Making matters worse, Cyprus, who has battled colds while in Mexico, has stopped eating and fallen silent and unresponsive. Valdovinos Bartley has called home in Longview, crying and blaming herself for the situation, said her mother-in-law, Annette DeClue.
Valdovinos Bartley’s 13-year-old son, Angel, stayed behind in Longview with DeClue to attend school in Castle Rock, where he is an eighth-grader. He’s growing increasingly depressed over the separation from his mother, DeClue said.
DeClue, a 45-year-old disabled military veteran, has been desperately contacting everyone she can think of who might be able to intervene, including attorneys, the news media, local leaders, U.S. representatives and senators.
“We’re just asking for assistance to help get someone to listen and expedite the process for her to be seen again. … Her family needs her,” DeClue said. “Dale is frustrated by the whole situation. He can’t understand how the U.S. Consulate would deny him the right to have his family be complete in their native land.”
Building a life
As a child, Valdovinos Bartley visited the U.S. with her father, who was a farm laborer six months out of the year on a work visa. When she was 12, she witnessed her father’s murder in Mexico.
The girl ran away from home. She met a Mexican-American teen who brought her to the United States, saying he would take care of her. But he sexually assaulted her, and at age 13, Valdovinos Bartley gave birth to a son, Angel.
She’s lived in the states ever since, staying with other members of her immediate family, who are permanent legal residents.
She was 22 when she met Dale Bartley in Vancouver, Wash.

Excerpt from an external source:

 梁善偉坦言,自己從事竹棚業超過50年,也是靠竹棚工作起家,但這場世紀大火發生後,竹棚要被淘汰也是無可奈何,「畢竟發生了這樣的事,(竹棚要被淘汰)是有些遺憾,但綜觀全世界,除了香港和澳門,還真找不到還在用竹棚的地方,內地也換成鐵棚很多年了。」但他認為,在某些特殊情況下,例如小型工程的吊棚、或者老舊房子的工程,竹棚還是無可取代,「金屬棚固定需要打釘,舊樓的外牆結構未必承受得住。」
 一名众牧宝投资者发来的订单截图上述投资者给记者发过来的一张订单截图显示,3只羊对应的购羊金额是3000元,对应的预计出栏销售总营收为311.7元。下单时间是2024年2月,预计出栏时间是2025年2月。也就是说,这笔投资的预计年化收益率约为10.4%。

She was working at Burger King, and he was applying for a job.
“He thought she was beautiful,” DeClue said.
The pair married on Aug. 9, 2002, and Valdovinos Bartley applied for U.S. citizenship.

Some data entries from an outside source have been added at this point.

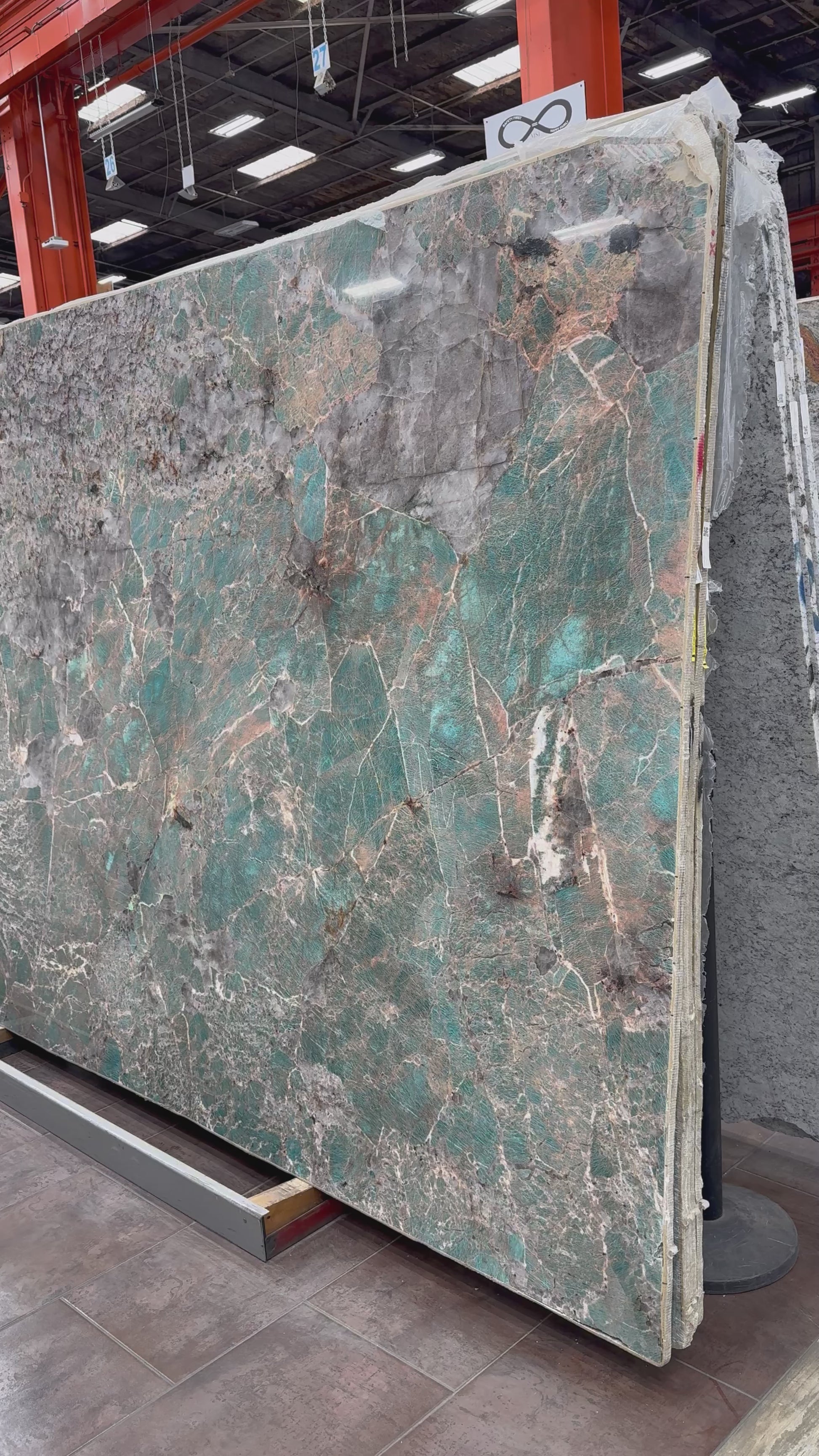 This slab is ideal for those looking to infuse their interiors with a bold, elegant, and luxurious touch. Its vibrant blue-green hues and polished finish make it a standout choice for any design project..
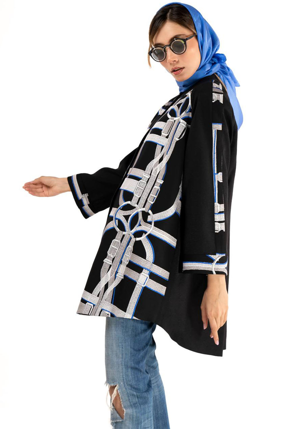 Knee length white coat with chains and straddle embroidery in light blue/orange and grey on back and around cuffs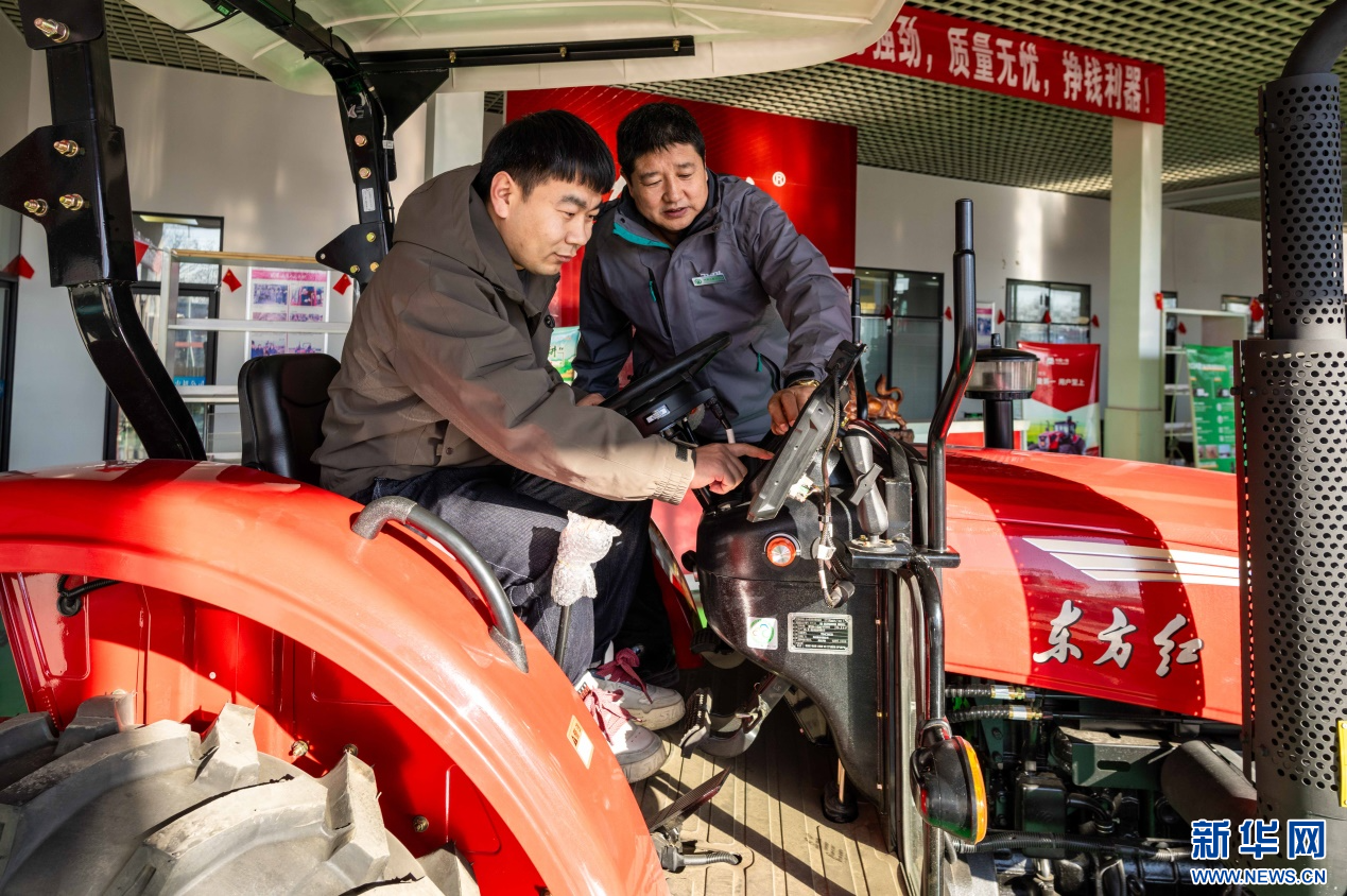 ??2月18日,在位于呼和浩特市玉泉區(qū)的一家農(nóng)機設(shè)備公司展銷大廳,農(nóng)戶在試駕拖拉機。新華網(wǎng)發(fā)(丁根厚 攝)

Authorities told her she must first apply for a visa. But when they learned she already had an expired visa, she was instructed to meet with the U.S. Consulate in Mexico.
Due to the newlyweds’ financial hardship, her appointment was postponed until this year.

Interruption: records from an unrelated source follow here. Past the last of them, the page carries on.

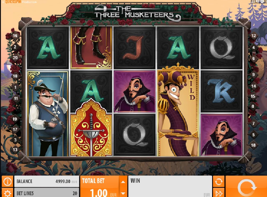 The Three Musketeers är en spelautomat med 5 hjul, 3 rader och 20 vinstrader. Spelet innehåller frispel med jokermultiplikator, jokersymbolstöt och funktionen Alla För En. Den teoretiska utdelningen är 96,64%.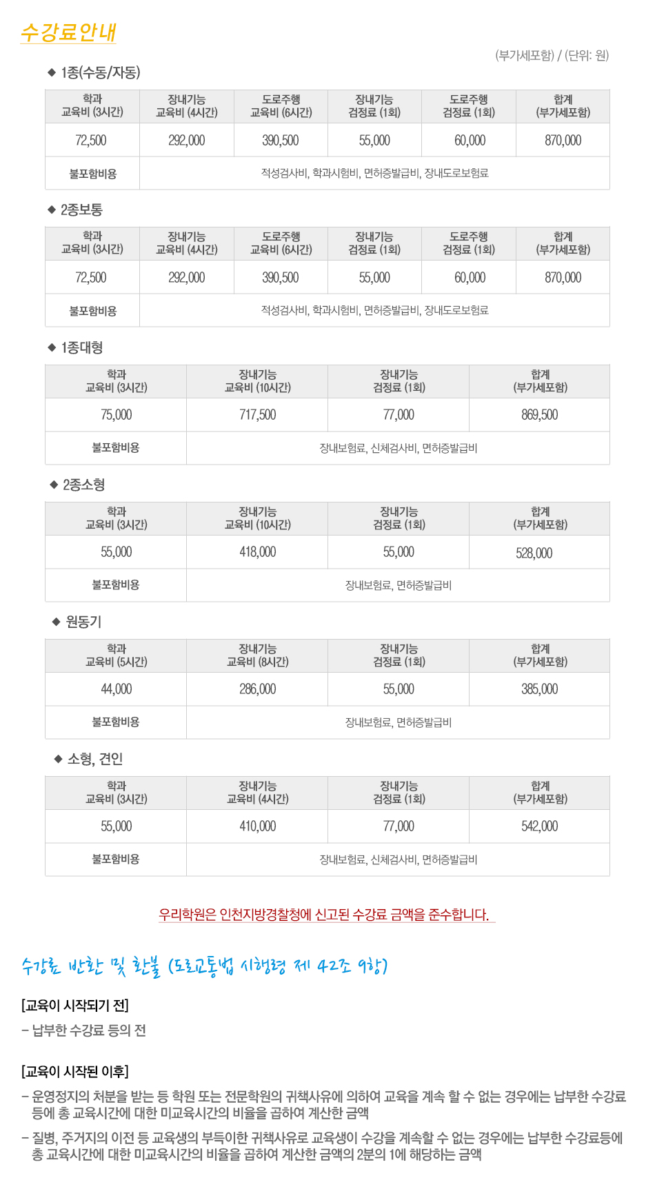 수강료안내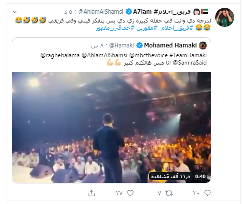 وأثار هذا المقطع الفنانة الإماراتية أحلام، التي لم تصمت تجاه مع فعله محمد حماقي، لتؤكد على أنها من أقوى المنافسين على اللقب وأن "حماقي" فعل ذلك كونه يتخوف منها بالأخص.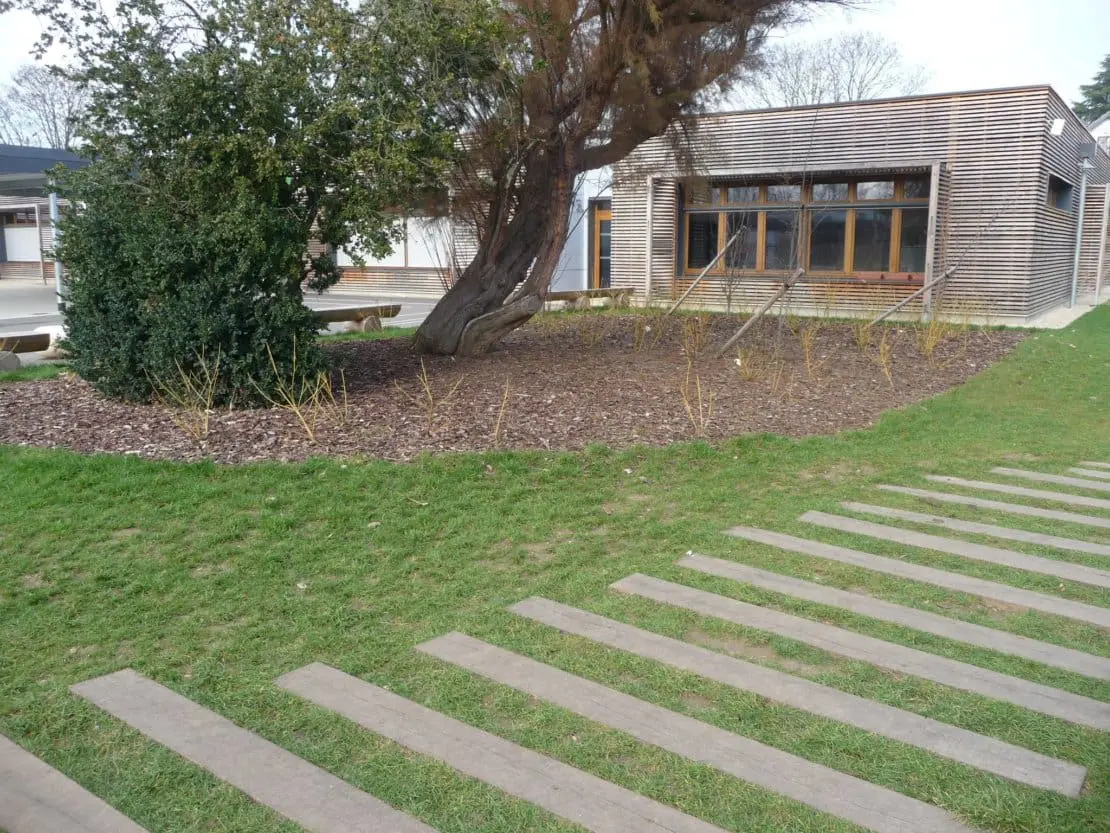 Aménagement des cours d’école primaire et maternelle, espace de loisirs, patios, arboretum.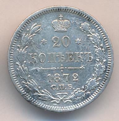 Лицевая сторона — гербовый орел, оборотная —обозначение номинала (20 копеекъ), окруженное венком из лавровой и дубовой ветвей и дата.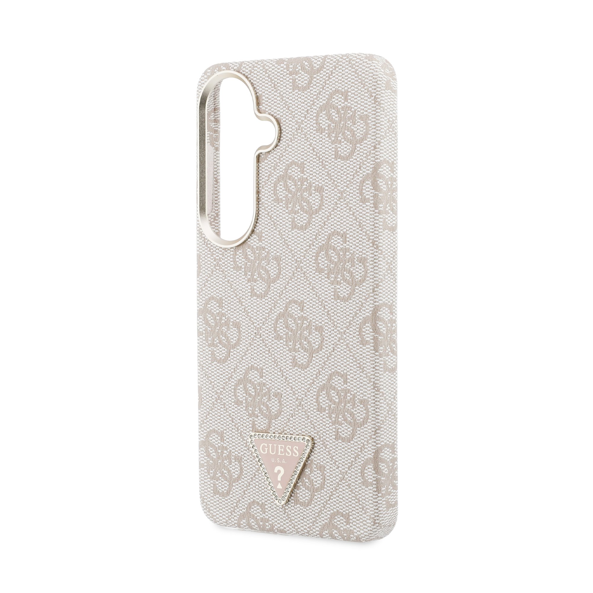Žymos: Auksinis rėmelis, dėklas Samsung S26, Guess, madingas dėklas, magnetinis dėklas, PU oda, Samsung Galaxy S26, telefono apsauga, trikampis logotipas

Meanwhile, Valdovinos Bartley and her husband moved to Longview to be closer to DeClue.
Valdovinos Bartley gave birth to another son, Cyprus. Dale Bartley, 26, got a job as construction foreman for D&A Properties, Inc., and Valdovinos Bartley began working for the same company, doing finishing and staging work. They started a business flipping houses in Longview. Recently, they bought their first home for themselves.
Their next-door neighbors and the Bartleys’ employer, David Thelin of D&A Properties, wrote letters of support for the couple to immigration officials. Their attorney, John Lee Carrico of Reno, Nev., also has been fighting for Valdovinos Bartley’s re-entry into the United States.
‘A family torn apart’
With everything the couple has at stake, DeClue doesn’t see how immigration authorities could deny her daughter-in-law’s hardship waiver.
“I can’t think of any other hardship that there could be other than a family torn apart. Not only torn apart but to lose everything that they have worked so hard to gain,” DeClue said.
In the last week, she’s sent a flurry of faxes to U.S. senators Maria Cantwell, Patty Murray, John McCain and Barack Obama, as well as U.S. Rep. Brian Baird.
Wednesday, Cantwell’s spokeswoman, Ciaran Clayton, said her office sent a letter Wednesday to the U.S. Embassy in Mexico, asking officials to do everything possible to speed up the process of getting Valdovinos a hardship waiver.
DeClue said she’s gotten messages from Murray’s and Baird’s offices this week, asking for copies of paperwork.
“Everybody is looking into it, as far as I know,” she said.
Leaving no stone unturned, she visited Longview Mayor Kurt Anagnostou at his law office Tuesday. He interrupted a meeting to see her immediately, DeClue said.
Anagnostou called Baird’s office, asking him to intercede on the family’s behalf.
“It’s a heart-rending story, and if Brian can help — I hope he does, I hope he can. It’s a sad situation,” Anagnostou said.